-- EXTRACTED ENTRIES --
__________

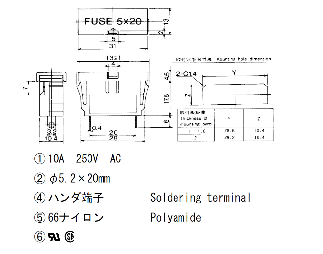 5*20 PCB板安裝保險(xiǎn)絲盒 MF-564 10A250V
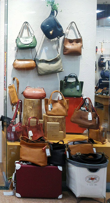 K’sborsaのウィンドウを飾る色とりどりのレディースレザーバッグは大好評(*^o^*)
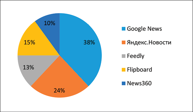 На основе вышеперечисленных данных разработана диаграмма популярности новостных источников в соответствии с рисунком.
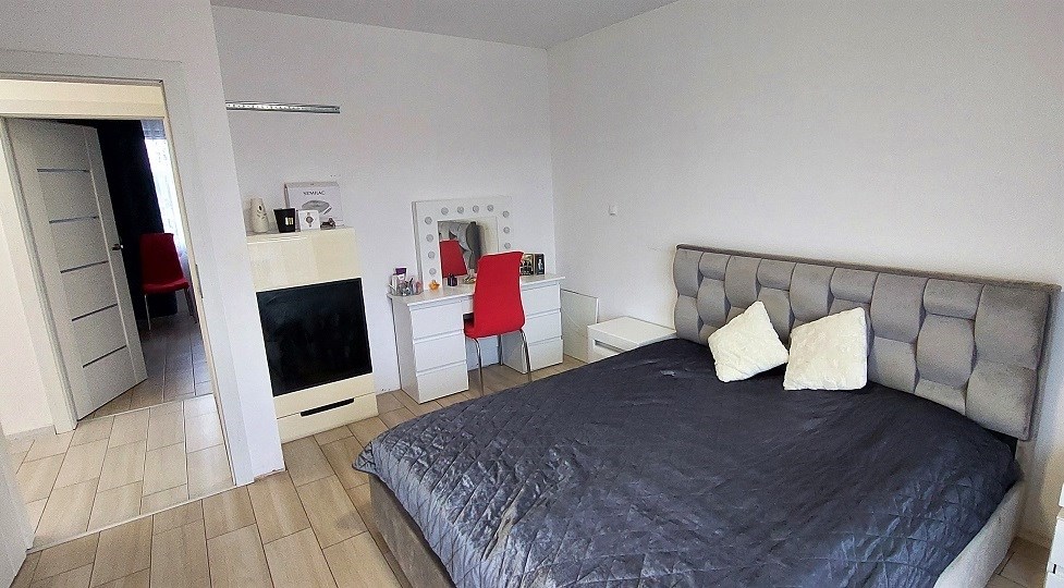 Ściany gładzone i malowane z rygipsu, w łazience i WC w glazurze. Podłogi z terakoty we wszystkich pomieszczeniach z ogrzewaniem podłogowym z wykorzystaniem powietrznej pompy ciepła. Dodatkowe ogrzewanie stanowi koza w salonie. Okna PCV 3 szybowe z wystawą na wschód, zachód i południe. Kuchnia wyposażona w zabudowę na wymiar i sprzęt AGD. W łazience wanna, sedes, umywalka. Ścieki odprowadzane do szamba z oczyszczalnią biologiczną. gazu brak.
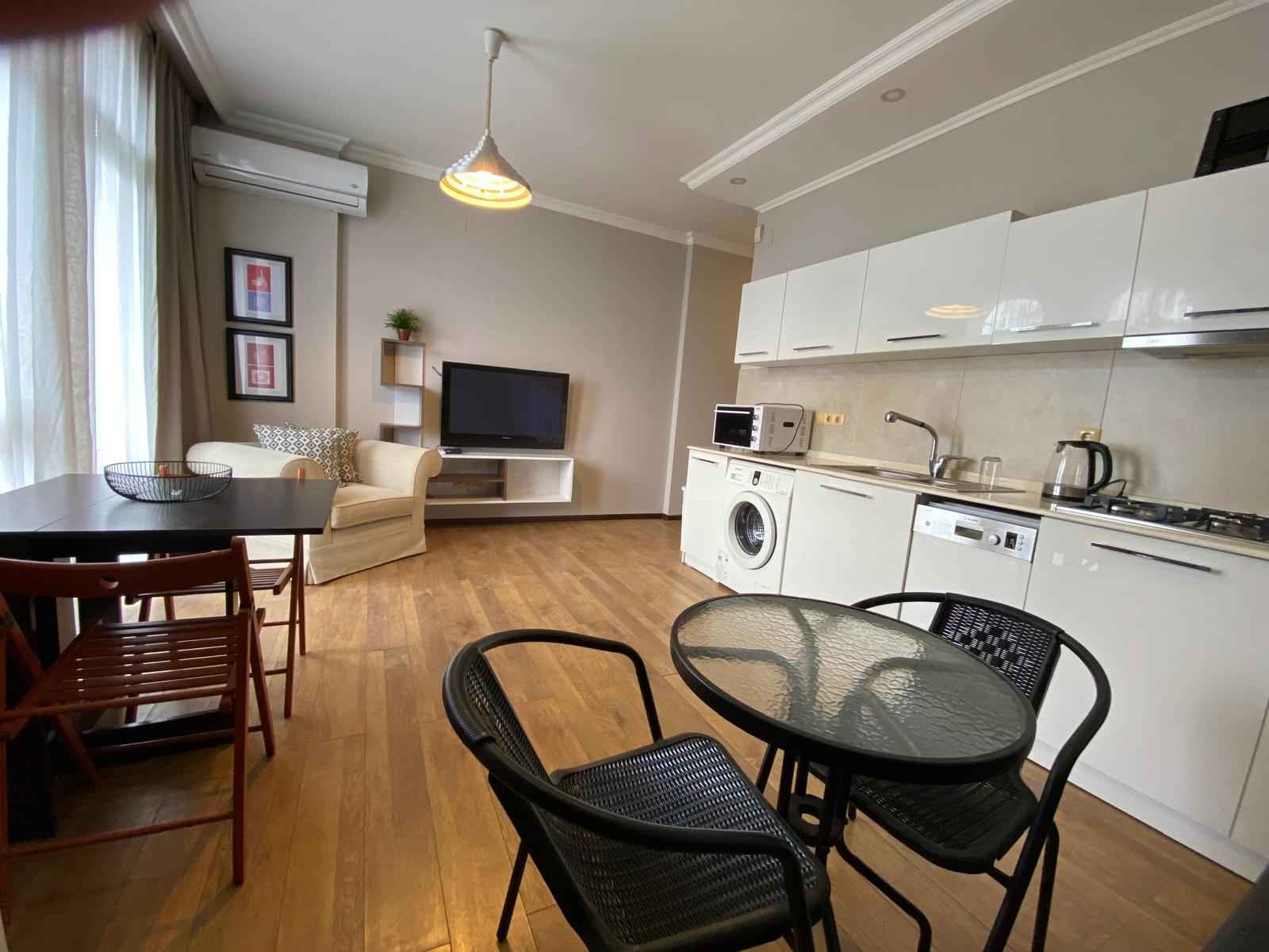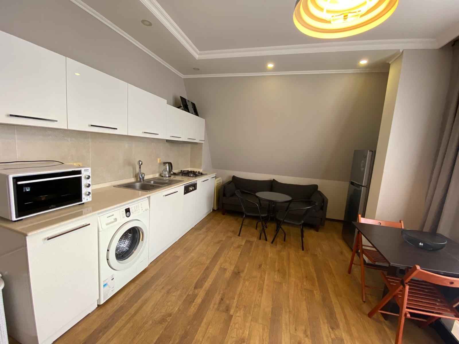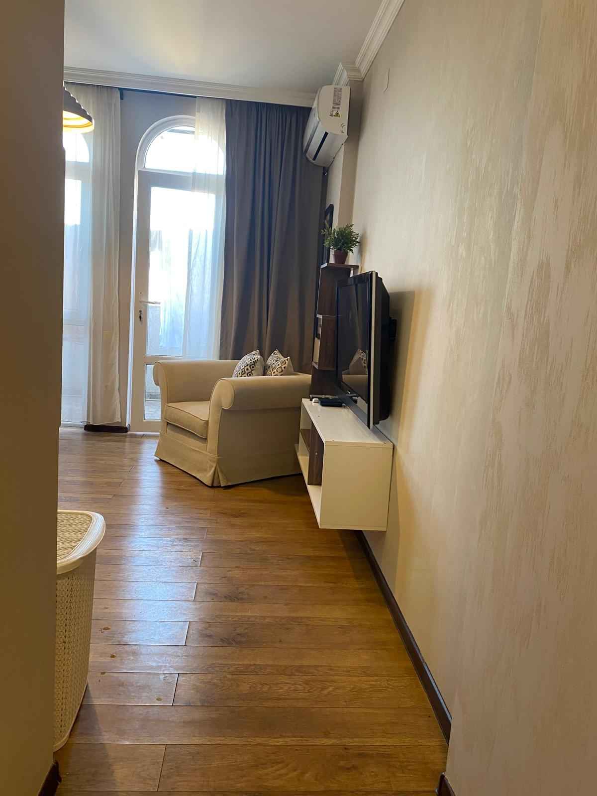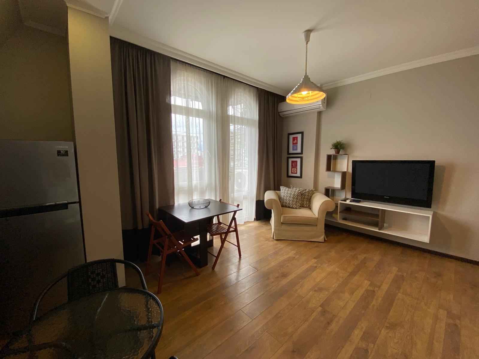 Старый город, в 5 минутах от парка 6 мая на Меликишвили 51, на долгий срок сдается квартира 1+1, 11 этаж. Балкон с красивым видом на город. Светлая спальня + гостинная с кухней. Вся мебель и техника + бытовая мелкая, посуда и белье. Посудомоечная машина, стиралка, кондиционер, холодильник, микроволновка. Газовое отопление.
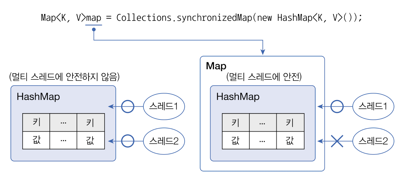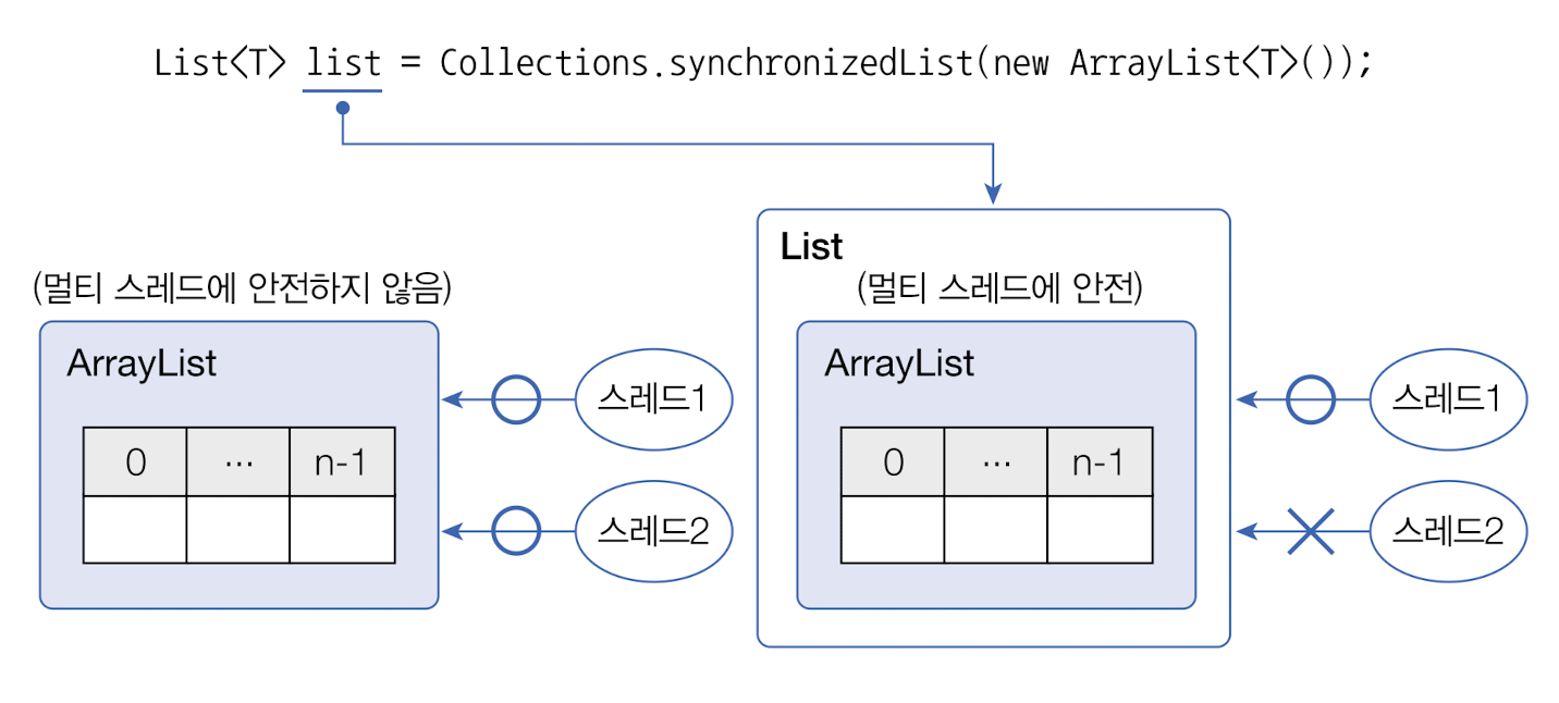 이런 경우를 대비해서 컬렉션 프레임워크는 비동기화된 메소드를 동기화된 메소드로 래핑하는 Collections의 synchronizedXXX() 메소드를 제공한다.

__________

-- WORK ITEM --
Your task is to reproduce the entries above word for word, from the first line through the line with "Старый город, в", and please leave out any pictures.

-- OUTPUT OF THE EXERCISE --
 5*20 PCB板安裝保險(xiǎn)絲盒 MF-564 10A250V
 K’sborsaのウィンドウを飾る色とりどりのレディースレザーバッグは大好評(*^o^*)
 На основе вышеперечисленных данных разработана диаграмма популярности новостных источников в соответствии с рисунком.
 Ściany gładzone i malowane z rygipsu, w łazience i WC w glazurze. Podłogi z terakoty we wszystkich pomieszczeniach z ogrzewaniem podłogowym z wykorzystaniem powietrznej pompy ciepła. Dodatkowe ogrzewanie stanowi koza w salonie. Okna PCV 3 szybowe z wystawą na wschód, zachód i południe. Kuchnia wyposażona w zabudowę na wymiar i sprzęt AGD. W łazience wanna, sedes, umywalka. Ścieki odprowadzane do szamba z oczyszczalnią biologiczną. gazu brak.
 Старый город, в 5 минутах от парка 6 мая на Меликишвили 51, на долгий срок сдается квартира 1+1, 11 этаж. Балкон с красивым видом на город. Светлая спальня + гостинная с кухней. Вся мебель и техника + бытовая мелкая, посуда и белье. Посудомоечная машина, стиралка, кондиционер, холодильник, микроволновка. Газовое отопление.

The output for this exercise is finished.